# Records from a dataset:
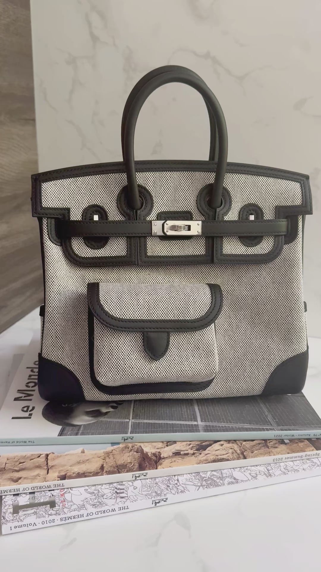 BNIB HERMÈS Birkin Cargo 25 Toile H/Veau Swift Ecru Noir/Noir PHW W Stamp 2025
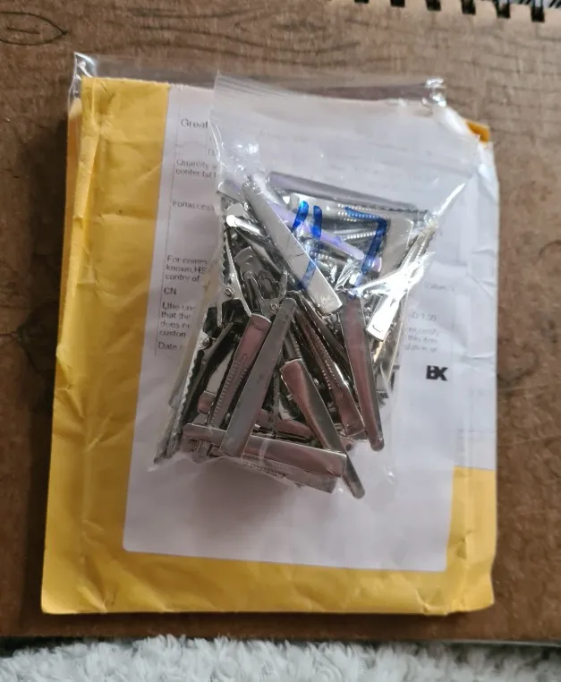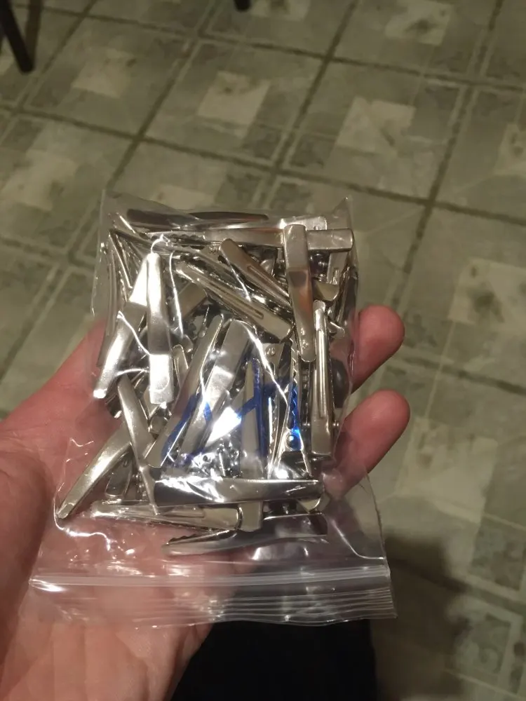 спасибо пришли все 50 шт. 14 идеальны. 7 шт не сходятся . застежка на зубчиках виснит . 21 штучка цепляется за зубчики, все в правую сторону. как это исравить не знаю.заколки для работы. боюсь что бы клиентам не резали волосы. в общем нормально, попробую исправить. зубчики поотодвигать может получится. вид правдо будет не тот . ну что поделать . спасибо и за это
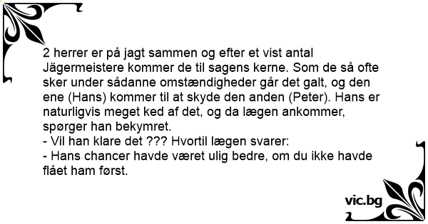 2 herrer er på jagt sammen og efter et vist antal Jägermeistere kommer de til sagens kerne. Som de så ofte sker under sådanne omstændigheder går det galt, og den ene (Hans) kommer til at skyde den anden (Peter). Hans er naturligvis meget ked af det, og da lægen ankommer, spørger han bekymret.
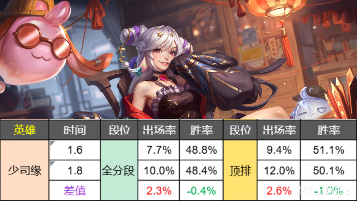满级后没影响,前期减少了5点偷金币数值,没猜想明明是平缓,出场率却涨了这样多,而胜率方面顶排降了1%。
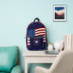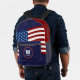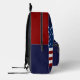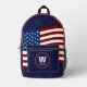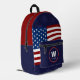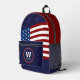 This design features American flag and map pattern with red blue and white stripes. Custom American flag monogrammed name backpack in high quality. This design can be easily edited. If you need help with the customization please message me via Zazzle.
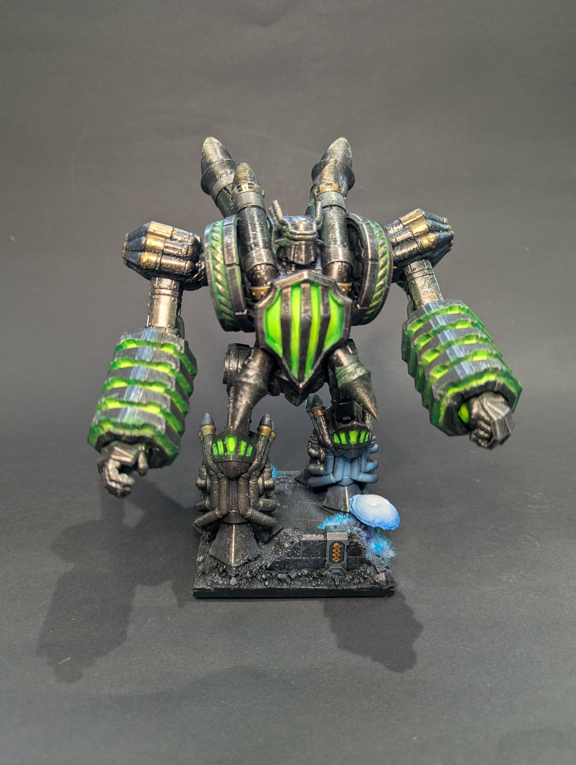 All looking really good. The muted tone of the armor makes the blue and purple really pop.

# Exercise description:
Output each entry exactly. Skip the pictures.

# Your response:
 BNIB HERMÈS Birkin Cargo 25 Toile H/Veau Swift Ecru Noir/Noir PHW W Stamp 2025
 спасибо пришли все 50 шт. 14 идеальны. 7 шт не сходятся . застежка на зубчиках виснит . 21 штучка цепляется за зубчики, все в правую сторону. как это исравить не знаю.заколки для работы. боюсь что бы клиентам не резали волосы. в общем нормально, попробую исправить. зубчики поотодвигать может получится. вид правдо будет не тот . ну что поделать . спасибо и за это
 2 herrer er på jagt sammen og efter et vist antal Jägermeistere kommer de til sagens kerne. Som de så ofte sker under sådanne omstændigheder går det galt, og den ene (Hans) kommer til at skyde den anden (Peter). Hans er naturligvis meget ked af det, og da lægen ankommer, spørger han bekymret.
满级后没影响,前期减少了5点偷金币数值,没猜想明明是平缓,出场率却涨了这样多,而胜率方面顶排降了1%。
 This design features American flag and map pattern with red blue and white stripes. Custom American flag monogrammed name backpack in high quality. This design can be easily edited. If you need help with the customization please message me via Zazzle.
 All looking really good. The muted tone of the armor makes the blue and purple really pop.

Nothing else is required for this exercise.